The default method. Finds peaks as local maxima above a noise-based threshold:

from mioXpektron import detect_peaks_with_area, detect_peaks_with_area_v2

# Standard version
peaks = detect_peaks_with_area(
    mz_values=mz,
    intensities=corrected,
    sample_name="sample_01",
    group="control",
    min_snr=3.0,
)

# Enhanced version with additional peak properties
peaks = detect_peaks_with_area_v2(
    mz_values=mz,
    intensities=corrected,
    sample_name="sample_01",
    group="control",
    min_snr=3.0,
    noise_model="mz_binned",
    noise_bins=20,
)

CWT-Based Detection

Uses the Continuous Wavelet Transform for multi-scale peak detection, which is more robust to varying peak widths:

from mioXpektron import detect_peaks_cwt_with_area

peaks = detect_peaks_cwt_with_area(
    mz_values=mz,
    intensities=corrected,
    sample_name="sample_01",
    group="control",
    min_snr=3.0,
)

Noise Estimation

Robust noise estimation using the Median Absolute Deviation (MAD) approach, which excludes peak regions for accurate background noise measurement:

from mioXpektron import robust_noise_estimation

median_noise, std_noise = robust_noise_estimation(corrected)
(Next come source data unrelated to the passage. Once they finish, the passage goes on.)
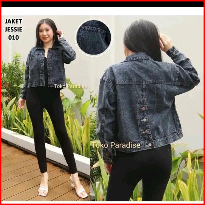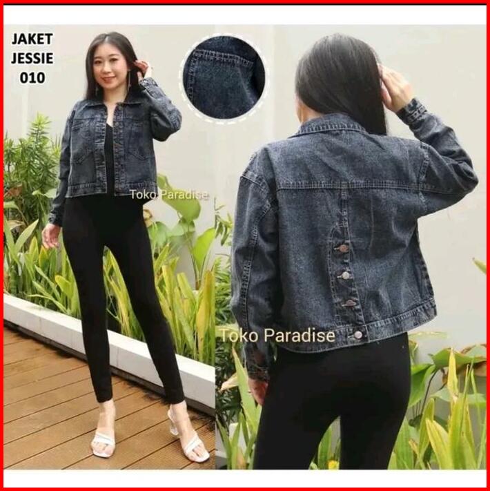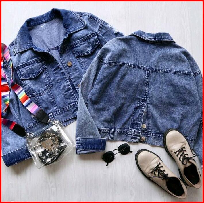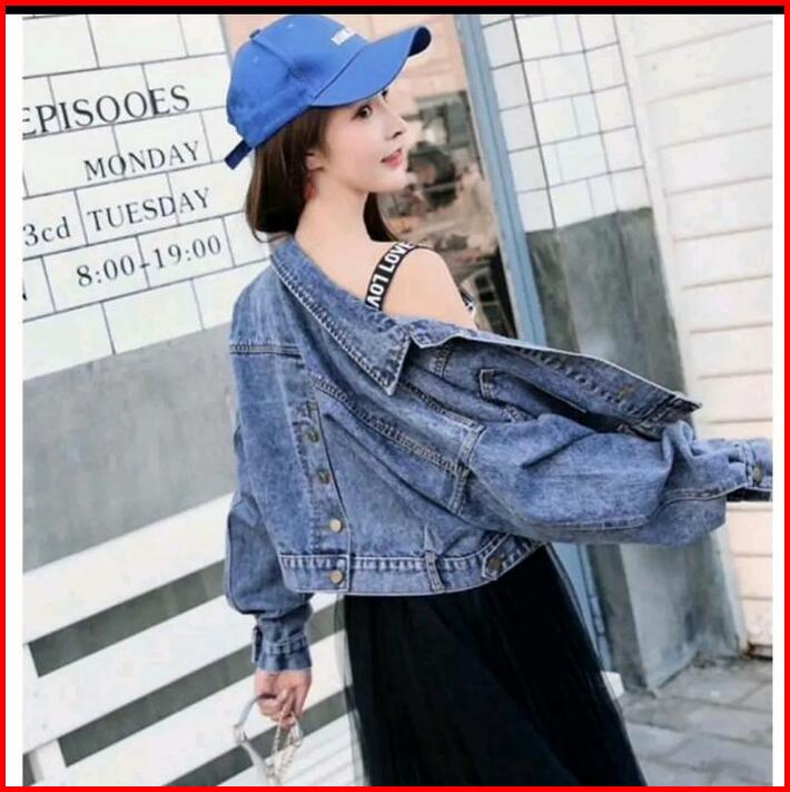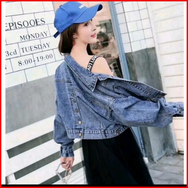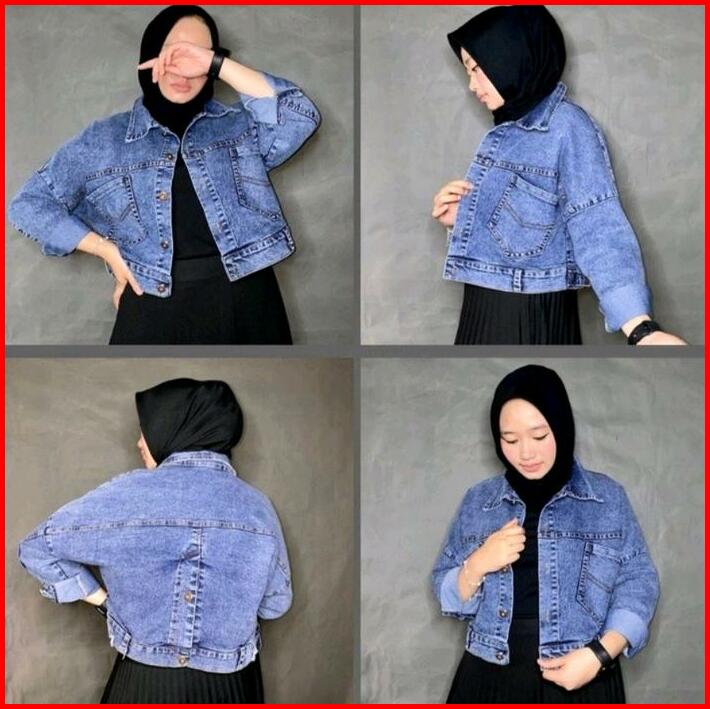 Jaket Jeans Crop Kancing Belakang Jumbo Wanita Ld 120 Fit Denim Tebal Oversize Cewek Blazer Variasi Tangan Blazer Varias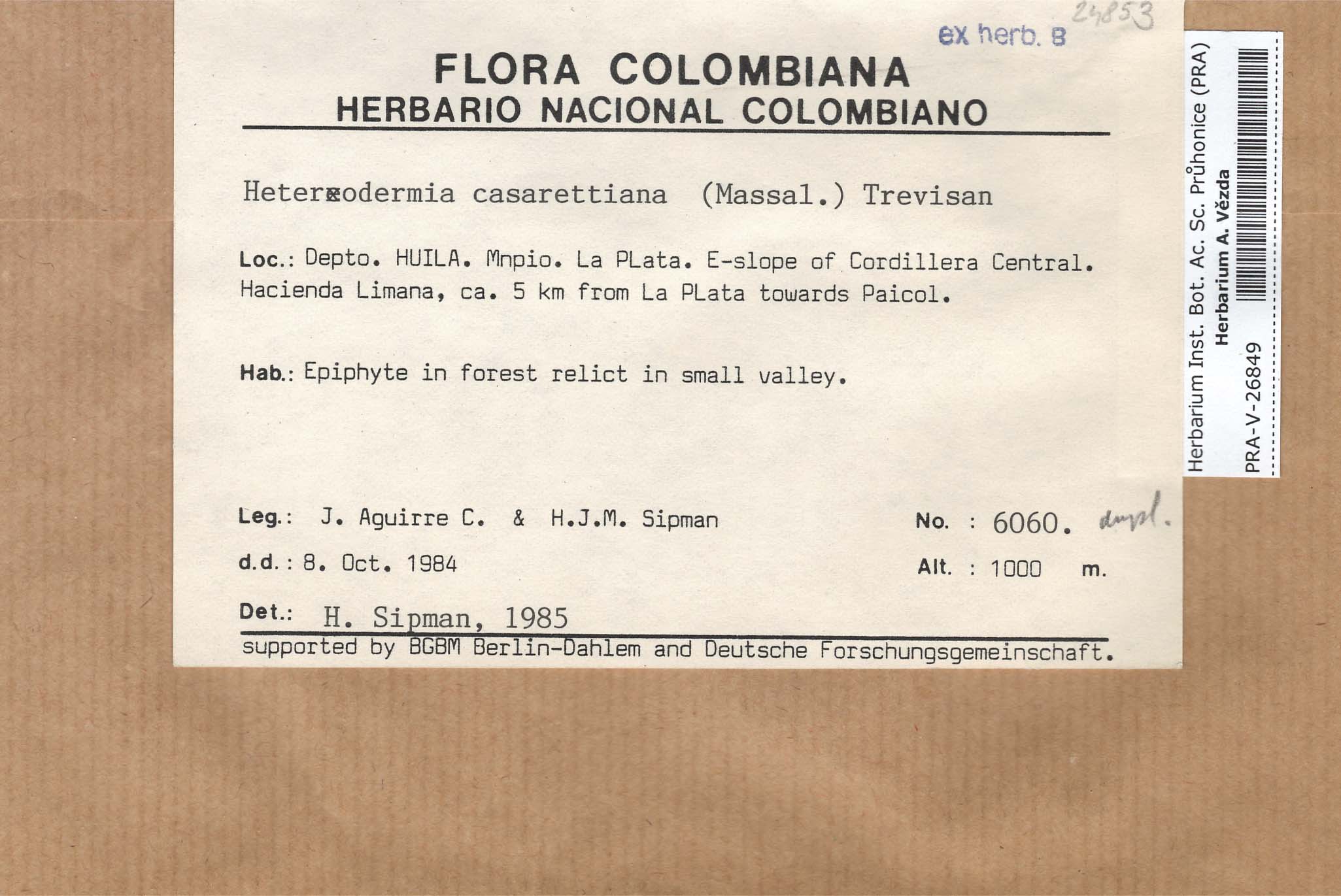 - Deposited in parcel no. 56 Tornabenia, Heterodermia, Anaptychia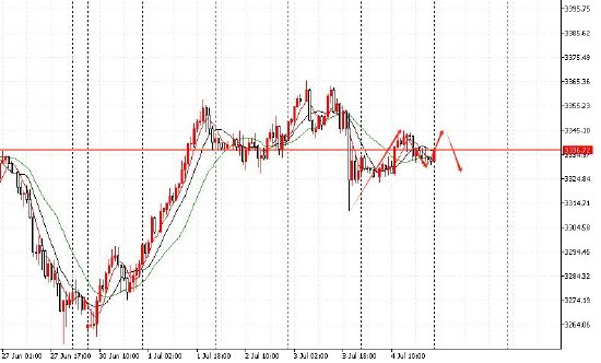 7月7日,黄金本周探底回升,收长影阳线。单看收线可以延续本周走势收阳,也可以收阴,阴阳转换。还是倾向继续上涨。按照本周走势,行情下破3248概率几乎没有。日线昨天3323企稳上涨,最高触及3345受阻回落,日线收长上影阳线。目前日线的是三阳一阴一阳的形态,而周一的走势也犹为重要,一旦继续收阳的话,则后期也将是多头开启了重拾升轨的门阀,目前上方的重点压力仍然维持于3345一线,此位置也是多头首要突破的第一点位,而一旦上破成功的话,则下一目标则维持于3365-3380附近,相反下方的支撑则维持于3310一线,而周一如再次下破此位置的话,则下方的支撑也将有可能朝不保夕,空头也将会继续打开下行之道路,但总体而言,目前方向仍不太明确,

The default global thresholding path uses a Gaussian-equivalent MAD estimate on positive intensities after masking the measured width of detected peaks plus an additional point margin. This is a robust heuristic for thresholding, not a full physical Poisson detector model.
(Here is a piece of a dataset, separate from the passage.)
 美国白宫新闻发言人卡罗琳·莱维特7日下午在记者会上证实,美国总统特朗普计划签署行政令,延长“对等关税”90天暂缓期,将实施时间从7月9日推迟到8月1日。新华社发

For spectra whose background varies across the mass range, the detection entry points also support noise_model="mz_binned". This estimates local background statistics in m/z bins and interpolates them back to a per-point threshold profile:

peaks = detect_peaks_with_area_v2(
    mz_values=mz,
    intensities=corrected,
    sample_name="sample_01",
    group="control",
    noise_model="mz_binned",
    noise_bins=20,
    noise_min_points=25,
)

Available noise models:

  • "global": one threshold for the full spectrum

  • "mz_binned": interpolated m/z-dependent thresholds

For spectra with strong mass-dependent background changes, "mz_binned" is the preferred choice. The global model remains useful as a fast default, but its SNR interpretation should be treated as heuristic.

Area Integration

Peak areas are computed from peak widths and corrected baselines. The current integration path:

  • handles empty or invalid background regions defensively

  • integrates on the true floating peak boundaries

  • reports the area definition and integration method in the output table

Batch Peak Collection

collect_peak_properties_batch() runs the full preprocessing and peak collection workflow across many spectra and forwards the detector-specific options consistently:

peaks_df = collect_peak_properties_batch(
    files=file_list,
    method="Gaussian",
    min_intensity=5,
    min_snr=3.0,
    noise_model="mz_binned",
    noise_bins=20,
)

For analytic fit methods that enable overlapping-peak deconvolution, the current implementation now uses a conservative two-stage acceptance rule:

  • nearby peaks must overlap on an adaptive width-based spacing criterion

  • the two-Gaussian fit must improve BIC over a single-Gaussian window fit by at least deconvolution_min_bic_delta (default 10)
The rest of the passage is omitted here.